Mathematical Programming Solver Based on Local Search

Mathematical Programming Solver Based on Local Search
Title Mathematical Programming Solver Based on Local Search PDF eBook
Author Frédéric Gardi
Publisher John Wiley & Sons
Pages 76
Release 2014-07-09
Genre Computers
ISBN 1118966481

Download Mathematical Programming Solver Based on Local Search Book in PDF, Epub and Kindle

This book covers local search for combinatorial optimization and its extension to mixed-variable optimization. Although not yet understood from the theoretical point of view, local search is the paradigm of choice for tackling large-scale real-life optimization problems. Today's end-users demand interactivity with decision support systems. For optimization software, this means obtaining good-quality solutions quickly. Fast iterative improvement methods, like local search, are suited to satisfying such needs. Here the authors show local search in a new light, in particular presenting a new kind of mathematical programming solver, namely LocalSolver, based on neighborhood search. First, an iconoclast methodology is presented to design and engineer local search algorithms. The authors' concern regarding industrializing local search approaches is of particular interest for practitioners. This methodology is applied to solve two industrial problems with high economic stakes. Software based on local search induces extra costs in development and maintenance in comparison with the direct use of mixed-integer linear programming solvers. The authors then move on to present the LocalSolver project whose goal is to offer the power of local search through a model-and-run solver for large-scale 0-1 nonlinear programming. They conclude by presenting their ongoing and future work on LocalSolver toward a full mathematical programming solver based on local search.

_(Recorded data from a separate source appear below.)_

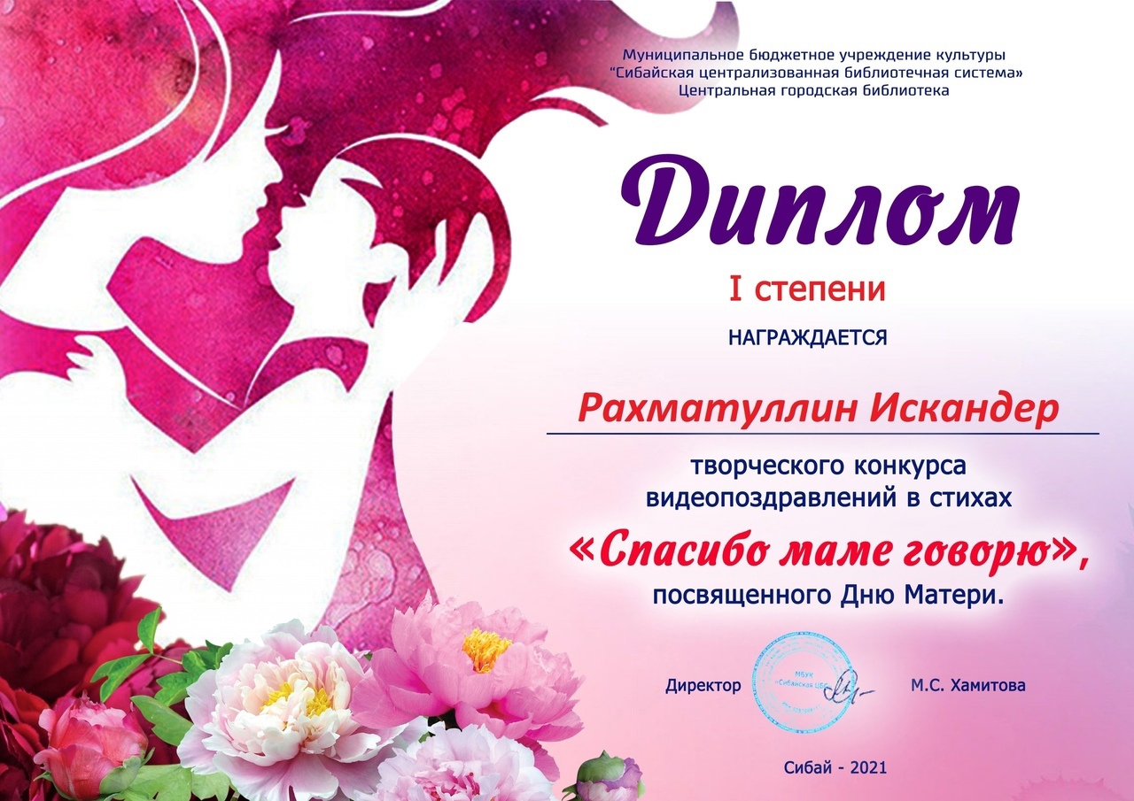 Обучающийся 6 класса Рахматуллин Искандер награжден Дипломом I степени за участие в конкурсе видеопоздравлений "Спасибо маме говорю"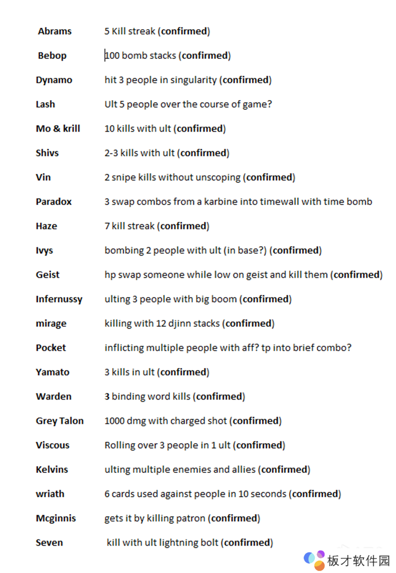 于是,在这讨论之间,一名玩家做了总结表,只有完成这些特殊任务就会立即获得皮肤(是否永久未知)
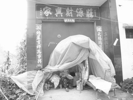 8月10日下午,记者在冯村乡前吴村祁恪兴家门口看到,他家大门紧闭着,门外放着两张木床,一横一竖,上面还搭着个塑料棚子,将大门挡得严严实实。80岁的祁王氏躺在横放着的床上,其女祁守荣在一旁看护她(如图)。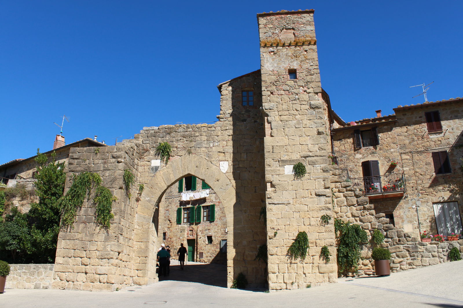 Questo piccolo borgo medievale fortificato è situato a sud di Pienza (qui sopra vedi le porte per entrare nel borgo) da dove potrai ammirare altre vedute panoramiche sulla valle e sulle sue tipiche strade costellate di cipressi.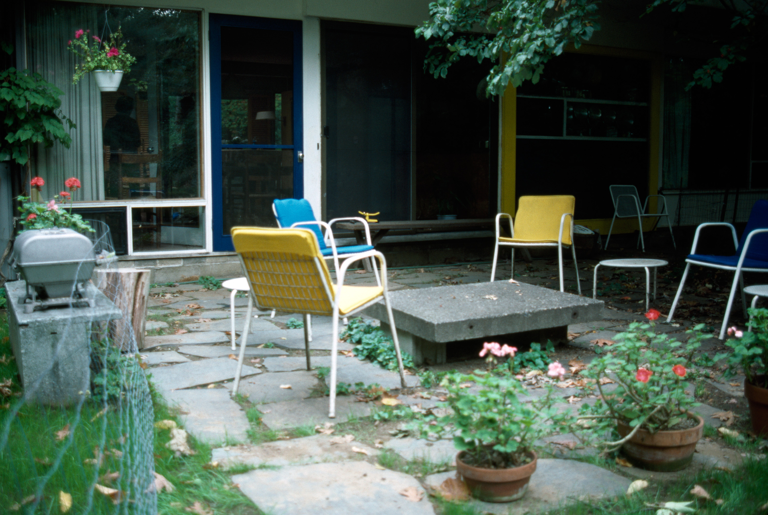 Suburbs, Architecture, Modern --20th century, Housing developments, Architecture, Domestic --United States, Modular construction, Lexington (Mass.), Residential districts, Fences, Outdoor furniture, Houses, Concrete, Grills, Planters (containers), Patios, Slate (rock), Boston Suburbs - Chapter 5 - 1940-1960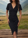 Ruched Surplice Short Sleeve Dress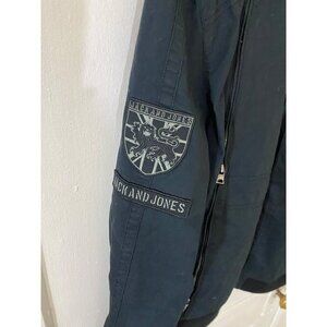 Jack And Jones Men's Black/Blue Reversible Military Aviator Bomber Jacket - Larg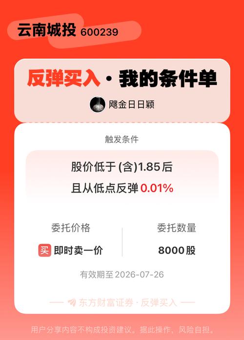 #条件单交流##反弹买入晒单#一位股神设置了一个反弹买入条件单,接下来就是见证奇迹的时刻~$云南城投(SH600239)$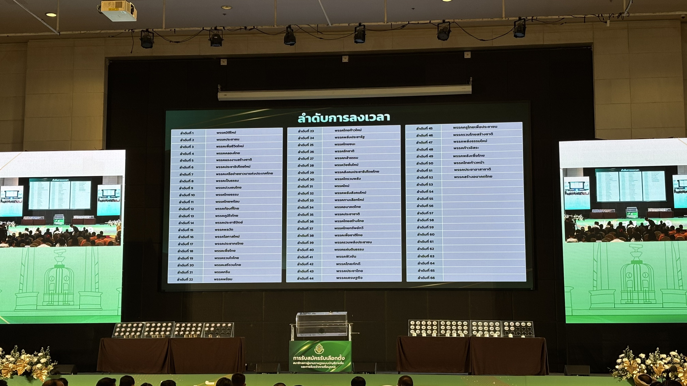 นายณรงค์ กลั่นวารินทร์ ประธานกกต.แถลงว่า จำนวนพรรคการเมืองที่มาลงทะเบียนในใบลงทะเบียนก่อนเวลา 8:30 น มีจำนวนทั้งสิ้น 52 พรรคโดยทุกพรรคจะต้องเข้าสู่กระบวนการตรวจสอบเอกสารให้ถูกต้องครบถ้วนก่อนจึงจะมีสิทธิ์เข้าจับสลากได้ เพื่อให้การรับสมัครเป็นไปด้วยความเรียบร้อย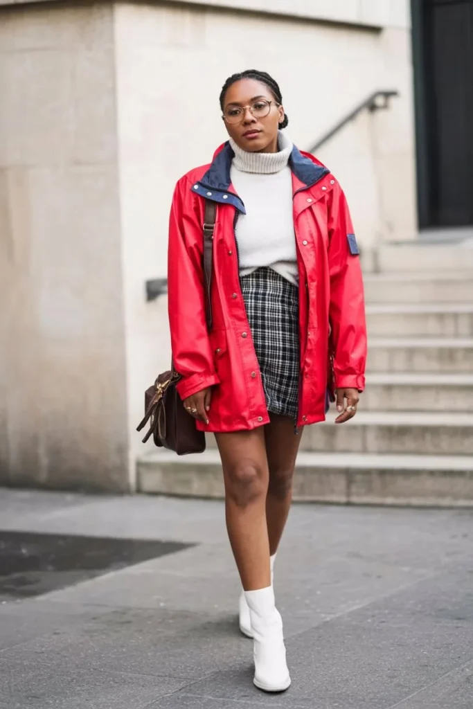 A bright red jacket adds energy and movement, making the outfit stand out instantly. Her white ankle boots lift the whole look with a clean finish, while the dark leather bag grounds it with a touch of everyday practicality. The mix of textures works well together, and each layer brings its own charm.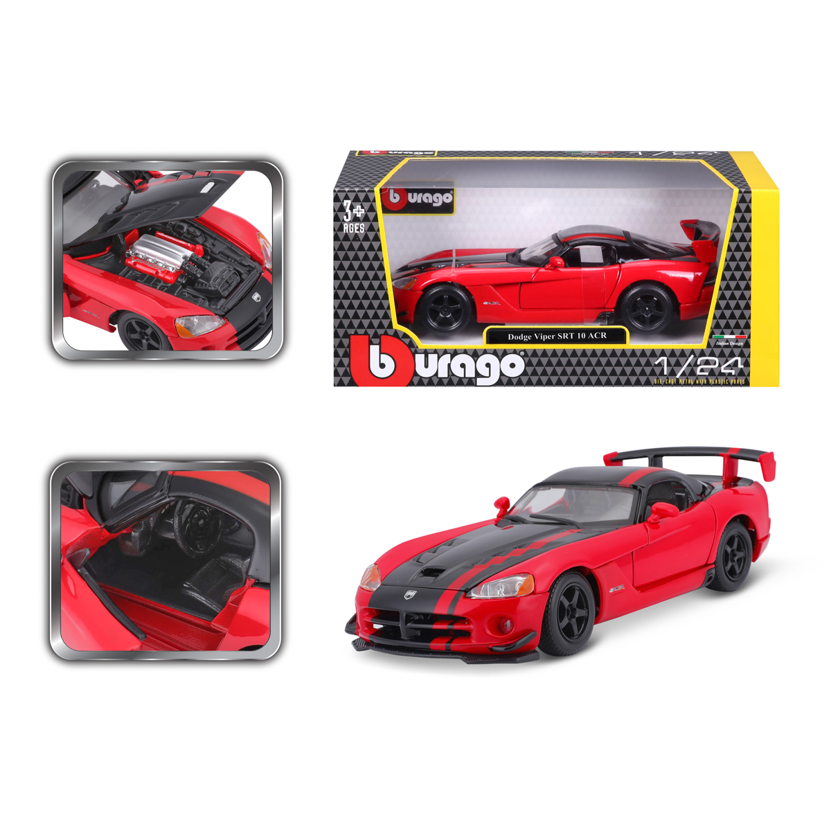 Bburago Bburago - Autá HOBBY, Dodge Viper SRT 10 ACR, červeno-čierna, 1:24

Computational Experiments for Local Search Algorithms for Binary and Mixed Integer Optimization

Computational Experiments for Local Search Algorithms for Binary and Mixed Integer Optimization
Title Computational Experiments for Local Search Algorithms for Binary and Mixed Integer Optimization PDF eBook
Author Jingting Zhou (S.M.)
Publisher
Pages 53
Release 2010
Genre
ISBN

Download Computational Experiments for Local Search Algorithms for Binary and Mixed Integer Optimization Book in PDF, Epub and Kindle

In this thesis, we implement and test two algorithms for binary optimization and mixed integer optimization, respectively. We fine tune the parameters of these two algorithms and achieve satisfactory performance. We also compare our algorithms with CPLEX on large amount of fairly large-size instances. Based on the experimental results, our binary optimization algorithm delivers performance that is strictly better than CPLEX on instances with moderately dense constraint matrices, while for sparse instances, our algorithm delivers performance that is comparable to CPLEX. Our mixed integer optimization algorithm outperforms CPLEX most of the time when the constraint matrices are moderately dense, while for sparse instances, it yields results that are close to CPLEX, and the largest gap relative to the result given by CPLEX is around 5%. Our findings show that these two algorithms, especially the binary optimization algorithm, have practical promise in solving large, dense instances of both set covering and set packing problems.